Wawan Purwanto, Juru Bicara Badan Intelijen Negera (BIN) mengatakan, setelah insiden kericuhan di Rutan Salemba Cabang Mako Brimob, beberapa informasi terkait adanya pergerakan jaringan teroris di berbagai wilayah Indonesia telah disampaikan kepada Polri.
Informasi itu antara lain soal pergerakan jaringan teroris yang berafiliasi dengan Kelompok ISIS di Indonesia bakal melakukan serangan sejak 11 Mei 2018. Namun lagi-lagi, Polri termasuk BIN mengaku kesulitan mendeteksi langkah yang dilakukan jaringan teroris ini.
“Kan Polisi enggak bisa menangkap karena harus ada bukti permulaan yang cukup ya," ujar Wawan.
Setelah Kericuhan di Mako Brimob
Ketika kericuhan di Rutan Salemba Cabang Mako Brimob terjadi pada Selasa lalu, Polri buru-buru memberikan klarifikasi terkait jaringan para pelaku. Namun, saat ditanya wartawan, Polri melalui Kepala Biro Penerangan Masyarakat, Brigadir Jenderal M Iqbal membantah para tahanan yang membuat kericuhan di dalam rutan merupakan jaringan terafiliasi dengan ISIS.
“Sampai saat ini, kami membantah itu (ISIS)," kata Iqbal, Kamis lalu (10/5). Iqbal pun menguatkan bahwa tidak ada bukti-bukti kuat terkait dengan ISIS.
“Kejadian itu dipicu oleh permasalahan makanan tahanan,” kata Iqbal.
Setelah kericuhan di Mako Brimob, ISIS mengklaim bertanggung jawab atas kejadian menewaskan lima orang polisi di Rutan Mako Brimob. Klaim ini lah berseberangan dengan keterangan Polri. Apalagi dengan merujuk rentetan peristiwa setelah kericuhan di Rutan Mako Brimob, pola-pola ini menguatkan para pelaku berafiliasi dengan jaringan ISIS di Indonesia.
Muhammad Jibriel Abdul Rahman, pemerhati terorisme telah menganalis pelaku kericuhan di Rutan Mako Brimob adalah orang-orang yang terafiliasi dengan ISIS. Namun, ia meyakini serangan teror tidak direncanakan. Pasca kejadian di Mako Brimob, telah berdampak terhadap mereka yang berideologi dengan ISIS di Indonesia. Mereka tergugah untuk melakukan tindakan serupa, karena kejadian di Mako Brimob adalah kesuksesan dengan korban jiwa polisi sampai lima orang.

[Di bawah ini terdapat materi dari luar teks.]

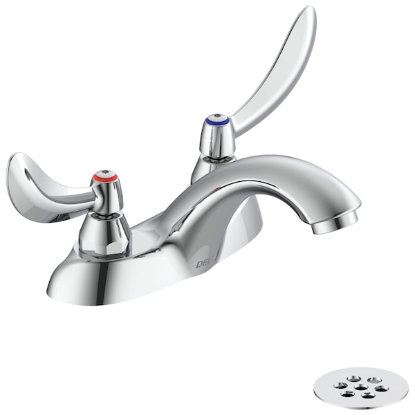 Commercial 21C Two Handle Centerset Lavatory Faucet With Grid Strainer In Chrome

Analisa Jibriel ini berdasarkan insiden penusukan anggota Polisi, sehari setelah drama penyanderaan berlangsung di Rutan Mako Brimob. Setelah itu, dilanjutkan dengan serangan bom bunuh diri yang terjadi di tiga gereja di Surabaya.

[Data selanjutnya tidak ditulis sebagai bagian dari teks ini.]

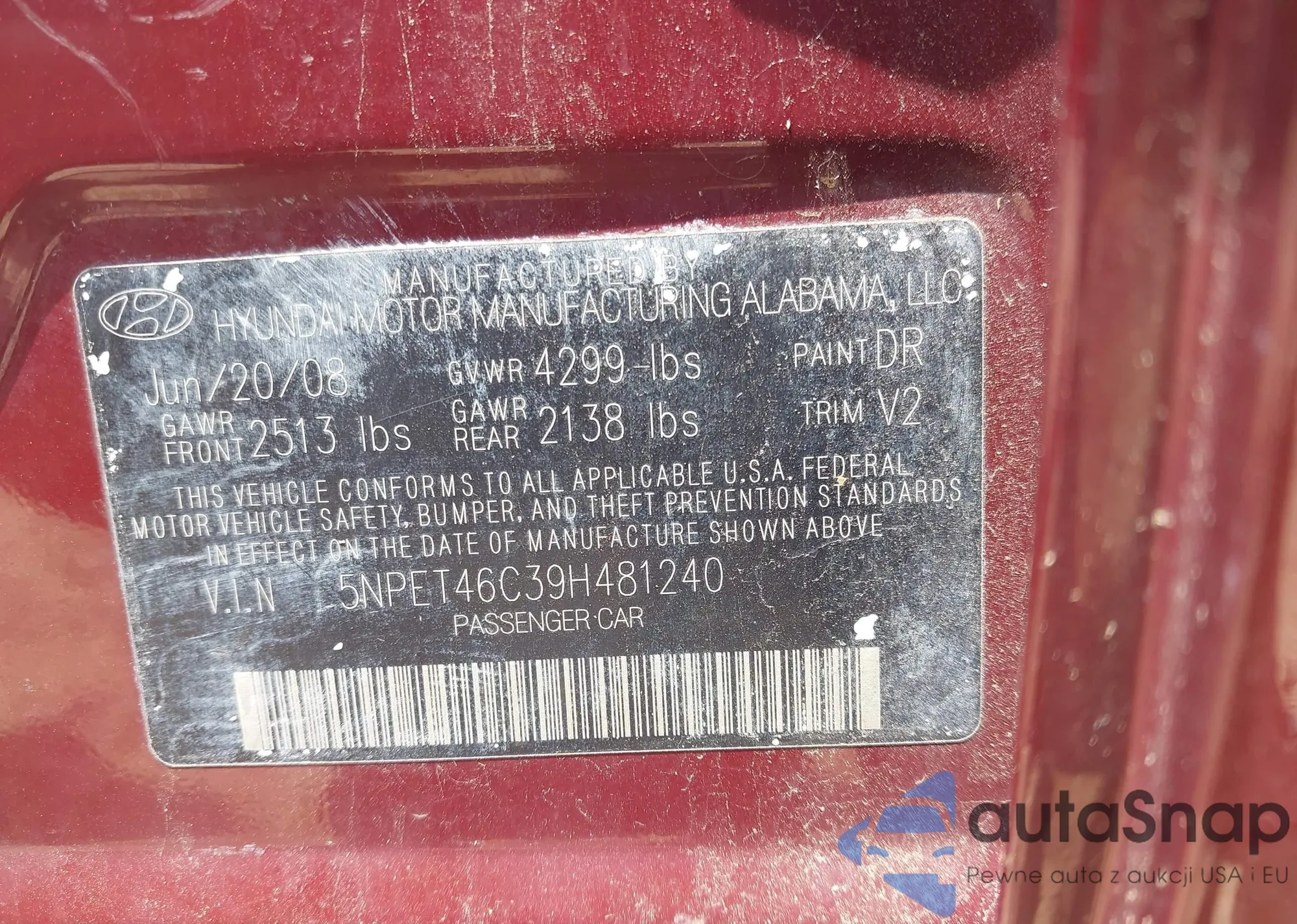 LOT: 42685406 VIN: 19UUA76578A001339

“Saya bisa pastikan itu ISIS,” kata Jibriel kepada Tirto. Ia pun menegaskan, jaringan ini memang mengincar aparat kepolisian karena dianggap sebagai musuh.

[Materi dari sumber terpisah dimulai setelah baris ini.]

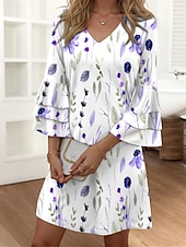 Women's Mini Dress Casual Dress Semi Formal Dress Petite Dress Sundress Streetwear Ruffle Sleeve Vacation Street Date Regular Fit Floral 3/4 Length Sleeve V Neck Pink Blue Purple Summer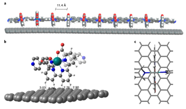 利用水作為電子來源的光電化學電池是清潔、可持續(xù)的太陽能燃料替代化石燃料的最具吸引力的解決方案之一。為此,需要掌握并正確理解多相水氧化催化。該研究還在繼續(xù)尋找一種催化劑,這種催化劑既能穩(wěn)定在電(光)陽極表面,又能有效地在所需的中性pH值下進行反應(yīng)。在這里,通過釕結(jié)合的輔助配體和石墨表面的六角形環(huán)之間的CH - h相互作用,我們展示了如何將低聚釕配合物錨定在石墨材料表面,從而控制其分子覆蓋率。這些雜化分子材料表現(xiàn)為分子陽極,可在高電流密度下在pH 7時催化水氧化為雙氧。這種將分子催化劑錨定在石墨表面的策略,可以推廣到其他過渡金屬和其他催化反應(yīng)中。

Apa yang dikatakan Jibriel dibenarkan oleh Wawan Purwanto, Juru Bicara BIN. Wawan mengatakan para pelaku merupakan jaringan ISIS yang berafiliasi dan eksis di Indonesia melalui organisasi Jamaah Ashar Daulah (JAD).
"Memang indikasinya ke JAD," ujar Wawan. Ia pun mengatakan, jaringan ini merupakan kelompok lama yang bersalin rupa dengan berganti beberapa nama.
Polri akhirnya telah membenarkan usai kejadian ricuh di Rutan Salemba Cabang Mako Brimob, terkait jejaring kelompok teroris berafiliasi dengan Jamaah Ashar Daulah, satu dari tujuh kelompok jejaring ISIS di Indonesia yang dipimpin oleh Aman Abdurrahman. Sebelum mengalami perubahan nama, JAD dulunya bernama Tauhid Wal Jihad yang langsung dikomandoi oleh Aman.
“Mereka ini kelompok JAD Jabodetabek termasuk Bandung sekarang mereka bergerak bersama-sama,” kata Setyo menanggapi pertanyaan terkait sejumlah penangkapan teroris yang berbarengan di hari yang sama saat ada serangan bom meledak di Surabaya.
Pada Minggu (13/5) sebanyak empat orang terduga teroris ditembak mati Detasemen Khusus (Densus) 88 Antiteror di Terminal Pasirhayam, Desa Sirnagalih Kecamatan Cilaku, Cianjur, Jawa Barat pada Minggu (13/5/2018).
Di hari yang sama, Kapolri Jenderal Polisi Tito Karnavian juga memberi pernyataan bahwa pelaku bom di tiga gereja di Surabaya, diduga dilakukan oleh satu keluarga pendukung ISIS
"Kelompok tak lepas dari Jamaah Ansharut Daulah (JAD) dan Jamaah Ansharut Tauhid (JAT) yang merupakan pendukung utama ISIS di Indonesia yang dipimpin oleh Aman Abdurahman," kata Tito.
Dianggap Kebobolan
Beberapa kejadian seperti ricuh di Mako Brimob, penusukan aparat polisi, dan bom bunuh diri di tiga gereja di Surabaya, telah memunculkan pertanyaan bagaimana kepolisian memproteksi keamanan warga dari tindakan terorisme?
Insiden di Mako Brimob memberi pesan bahwa "kandang" pasukan elite Polri saja bisa dikuasai para narapidana teroris selama 38 jam, dan tentu saja menjadi tamparan keras bagi kepolisian.
Bambang Rukminto, pengamat kepolisian dari Institut for Security and Strategic Studies (ISeSS) mengatakan serangan teror ini merupakan bukti ada permasalahan di internal Polri sehingga membuat Polri kebobolan. Ia menyebut, serangan teror bom bunuh di Surabaya dan rangkaian kejadian sebelumnya akibat tak solidnya Polri dan ditambah fungsi intelijen tidak berjalan.
Ia berpendapat kejadian ini mirip seperti serangan bom bunuh diri yang terjadi di terminal Kampung Melayu pada 2017 lalu. “Sejak awal kepemimpinan Pak Tito tidak solid di internal dan ini menyebabkan informasi intelijen kebobolan dan pola ini terjadi di Kampung Melayu,” kata Bambang, Minggu (13/5)
Polri yang mengklaim sudah mendeteksi adanya pergerakan jaringan teroris pasca kericuhan di Rutan Mako Brimob, namun kata Bambang, faktor adanya ketidaksolidan bisa nampak dari rentetan serangan teror melanda belum genap sepekan ini.
Ia mempertanyakan bagaimana sistem deteksi dini intelijen dan Polri bekerja, saat rangkaian kejadian serangan selama sepekan berlangsung.
"Kalau fungsi intelijen ini berjalan dan BNPT (Badan Nasional Penanggulangan Terorisme) bisa menjalankan sesuai tugasnya, ini bisa diantisipasi,” ujar Bambang.